Pensando em manter a banda ainda atrativa aos fãs, ele diz que o Rush se sente agora um tanto quanto "liberado" depois de realizar verdadeiros greatest hits nas turnês de três anos atrás. O baterista diz que dessa vez a banda irá se dedicar ao novo material e em "canções antigas que não tocamos há anos ou que nunca tocamos". Uma dessas joias de 1980 está nos planos, só que ele não disse qual.

"A primeira vez que disse que abandonaria as turnês foi em 1989, e falei isso em todas as turnês seguintes", lembra Peart, sorrindo. "Nunca concretizei essa afirmação e sempre foi recompensador pra mim. É algo árduo e repetitivo, mas é parte do trabalho. Amo treinar, ensaiar. Adoro o que estamos fazendo agora, aprendendo as novas canções e de também estarmos tocando juntos e nos entrosando como banda. Tudo isso é muito legal, mas são seis meses da minha vida que eu definitivamente não vivo. Não terei minha vida novamente até novembro".

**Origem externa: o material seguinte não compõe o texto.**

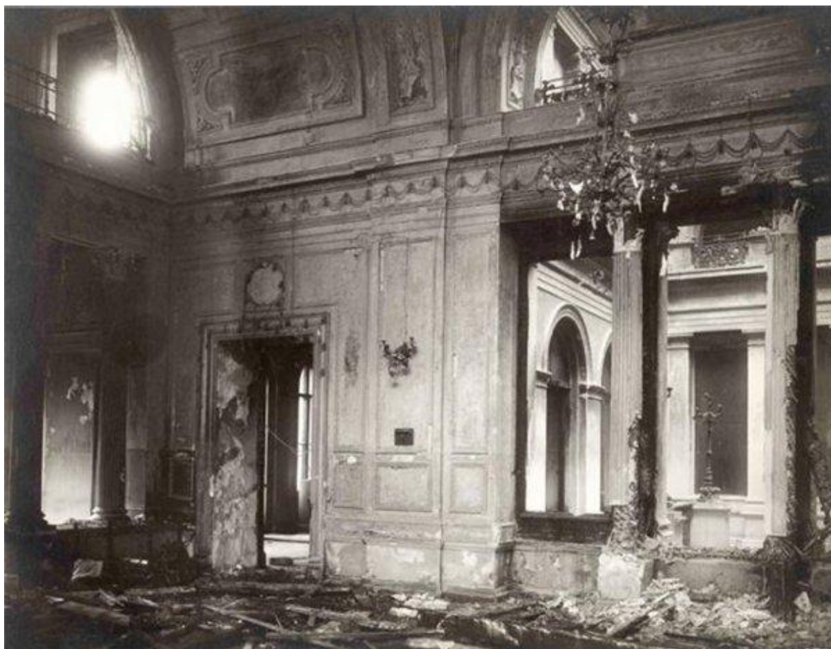
Столовая Зимнего дворца после взрыва.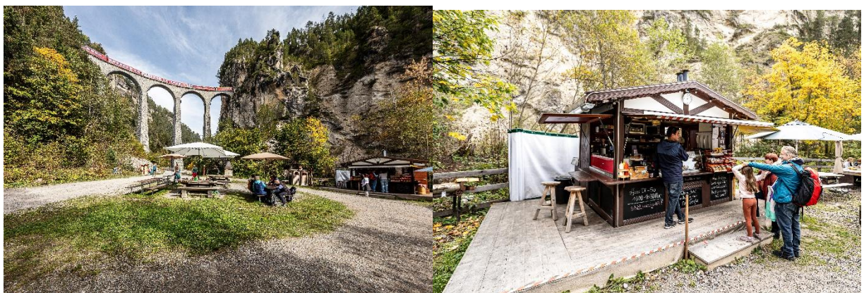
Schmitten GR Viaduktplatz

Direkt beim Viaduktplatz bietet der Infokiosk Filisurer Glace, Snacks, Getränke sowie Souvenirs der Landwasserwelt an. Kinder können sich austoben, während der Blick auf das Wahrzeichen Graubündens – den Landwasserviadukt – einfach atemberaubend ist. Nach einer erholsamen Pause geht es gestärkt weiter zu Fuss zur «Haltestelle Schmitten GR Landwasserviadukt», von wo euch der Viaduktshuttle ganz gemütlich zurück nach Filisur bringt.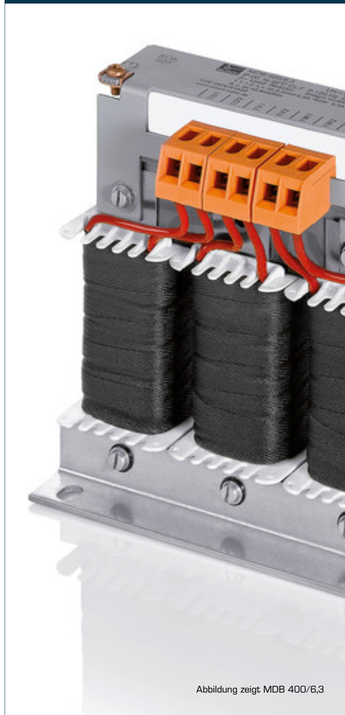
Abbildung zeigt MDB 400/6,3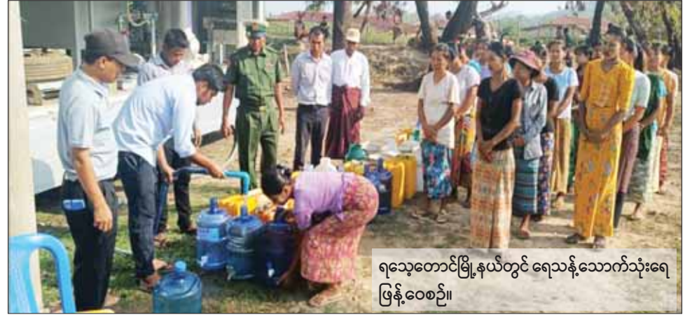
ရေသေတောင်မြို့နယ်တွင် ရေသန့်သောက်သုံးရေ ဖြန့်ဝေစဉ်။

မြို့ရှိ ဓာတ်အားခွဲရုံမှတစ်ဆင့် မြောက်ဦးမြို့ပေါ် ရပ်ကွက် ခုနစ်ရပ်ကွက်နှင့် ကျေးရွာ ၂၆ ရွာကို လည်းကောင်း၊ မင်းပြားဓာတ်အားခွဲရုံမှတစ်ဆင့် မင်းပြားမြို့ပေါ် ရှစ်ရပ်ကွက်နှင့် ကျေးရွာ သုံးရွာသို့လည်းကောင်း၊ မြေပုံဓာတ်အားခွဲရုံမှတစ်ဆင့် မြေပုံမြို့ရှိ ရပ်ကွက်ကိုးခုနှင့် ကျေးရွာ ငါးရွာသို့လည်းကောင်း လျှပ်စစ်ဓာတ်အားဖြန့်ဖြူးပေးထားပြီး ဖြစ်ကြောင်း သိရသည်။ သတင်းစဉ်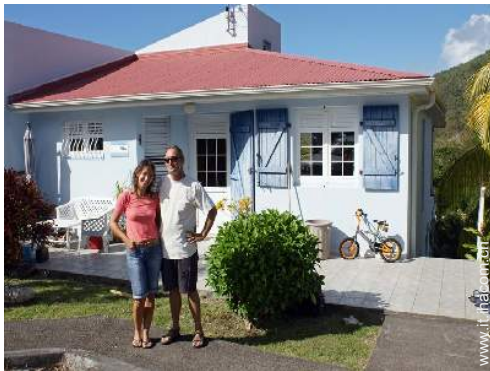
I vostri ospiti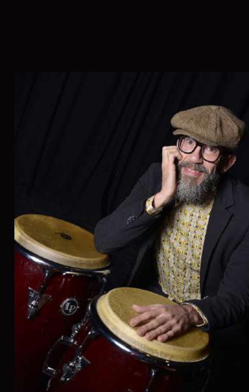
Antonio Algar Percusión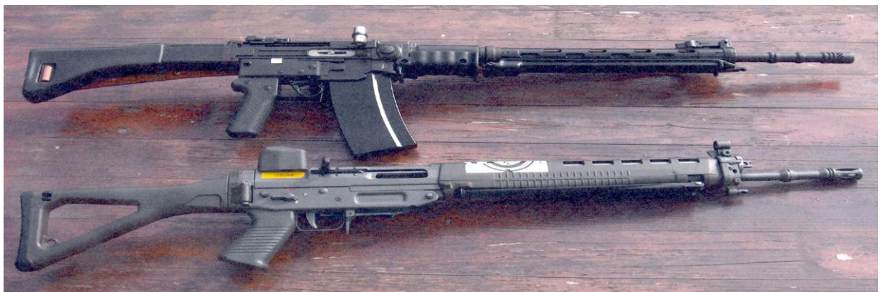
Figure 5 : Ces deux armes appartiennent à la famille Croisier, Ballens.

Le fusil, en arrière-plan, est dit d'infanterie. Il a été fabriqué à partir de 1811. Le coup part grâce à une pierre en silex 1 . C'est ce genre d'arme qu'on pouvait peut-être retrouver dans le tir d'Abbaye, à Ballens. La carabine, au premier plan, date des années 1820-1830 2 .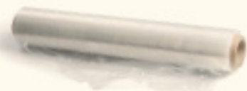
PAPER DE PLÀSTIC TRANSPARENT I PARAFINAT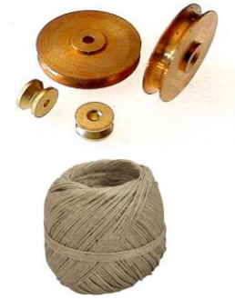
Poulie et ficelle :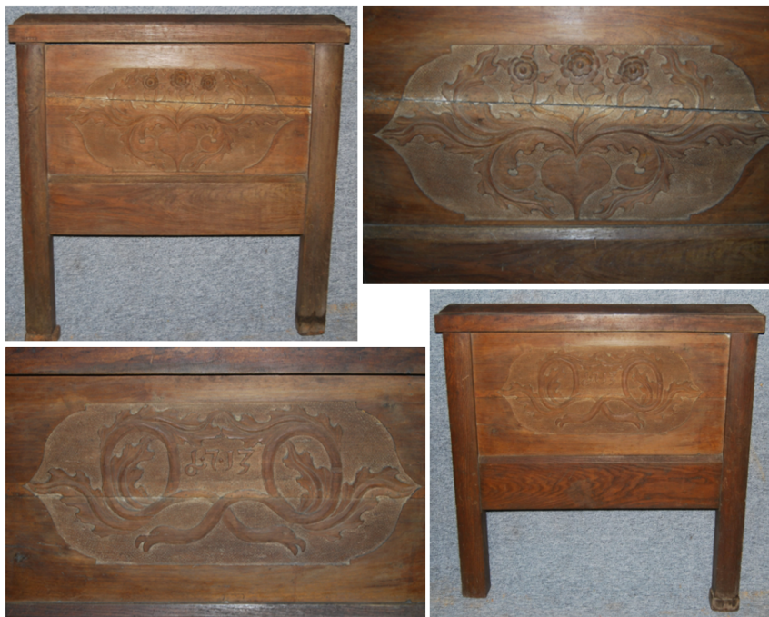
1. kép Magyar Néprajzi Múzeum, támlás ágy ágyvégei, Sopronkeresztúr, 1713.

A 2. képen látható, az Iparművészeti Múzeum gyűjteményében található ágy készítési és használati ideje a 18. századra tehető. Az egykor feltehetőleg nemesi használatban lévő, tölgyfából készült darab íves lábai a késő barokk jegyeit, míg a végtámlák vonalvezetései már a rokokó jegyeit hordozzák. 50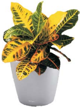
Croton variegatum Wunderstrauch MH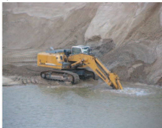
Rys. 4. Przykłady technologii wydobycia kruszyw żwirowo-piaskowych spod wody: a) pływającą pogłębiarką chwytakową, b) koparką jednonaczyniową z łądu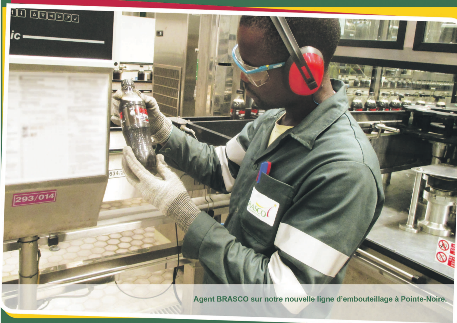
Agent BRASCO sur notre nouvelle ligne d'emouteillage à Pointe-Noire.

Le 28 avril, le monde professionnel célèbre la journée mondiale de la santé et de la sécurité au travail. 24 heures pour mettre en lumière les mesures prises pour la création d'un environnement professionnel sain et sécurisé.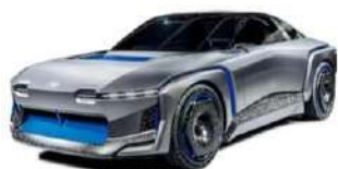
SUBARU WP SPORT MOBILITY Concept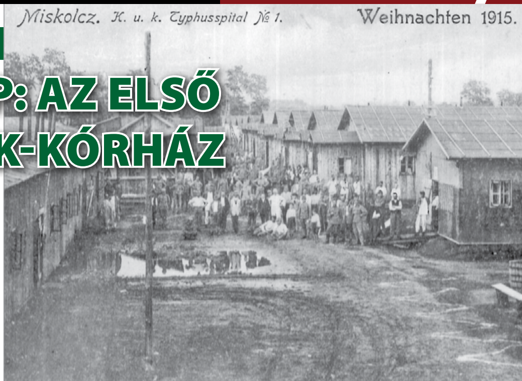
Korabeli német nyelvű képeslap a barakk-kórház épületeiről

"O que uma banda faz? Uma banda toca ao vivo. Isso é fundamental e é o que me mantém longe de desistir a todo momento. É óbvio para mim que, se pararmos de tocar ao vivo, vamos deixar de crescer. Não daria certo. Uma banda de verdade para nós é isso, e esse é o motivo pelo qual aceito o que temos que fazer. Nenhum trabalho é o céu – lembro disso a todo tempo e me sinto grato por ter feito essa escolha".

"Conheço muitas bandas da nossa geração que trabalham em clubes, tocando para públicos em cerimônias apenas para dizerem que estão vivos. Nós ainda podemos, todos os anos, optar por fazer turnês em grandes locais, viajando de ônibus ou moto. De forma alguma estou sendo cínico sobre isso".

"Passei o último ano em casa escrevendo um livro, e compondo novas canções que renderam um bom material. O que fazemos – nos reunir para criar um novo material – é a razão do trabalho".

"Fazer as mesmas coisas repetidamente... como isso pode ser bom se você se colocar de uma maneira superficial?"